Coloque dois dedos no canto da boca para ajudar a manter a vibração de lábio estável. Faça a vibração num volume baixo, como se estivesse conversando normalmente, sem gritar. Deslize do grave ao agudo, passando pela zona de transição entre voz de peito e voz de cabeça.
A instrução crucial aqui é manter a sensação de espaço interno e de laringe baixa enquanto sobe. A tendência é que a laringe suba junto com a nota. Resistir a isso, mesmo que parcialmente, é o treino.
Faça três repetições. Duas sessões por dia durante quatro a cinco semanas. Para quem quer entender melhor como esse trabalho de espaço interno se relaciona com a voz presa na garganta, o texto com exercícios específicos para esse problema complementa bem o trabalho desta sequência.
O que não vai resolver
Empurrar mais volume não resolve voz presa.

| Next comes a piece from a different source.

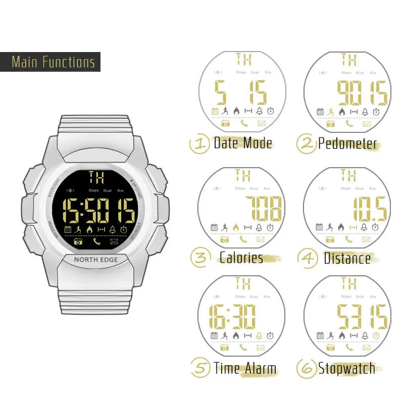 1. Date mode/2. Pedometer/3. Calories/4. Distance/5. Time Alarm/6. Stopwatch

Cantar mais alto sem ter o espaço e o controle necessários só piora a tensão e acelera o cansaço.
Também não adianta tentar corrigir o problema no meio de uma apresentação. Esses exercícios são de treino. O resultado vem com a repetição ao longo de semanas, não numa única sessão de cinco minutos. Salve o exercício, faça com consistência, e o desconforto vai diminuindo na medida em que a musculatura aprende a configuração correta.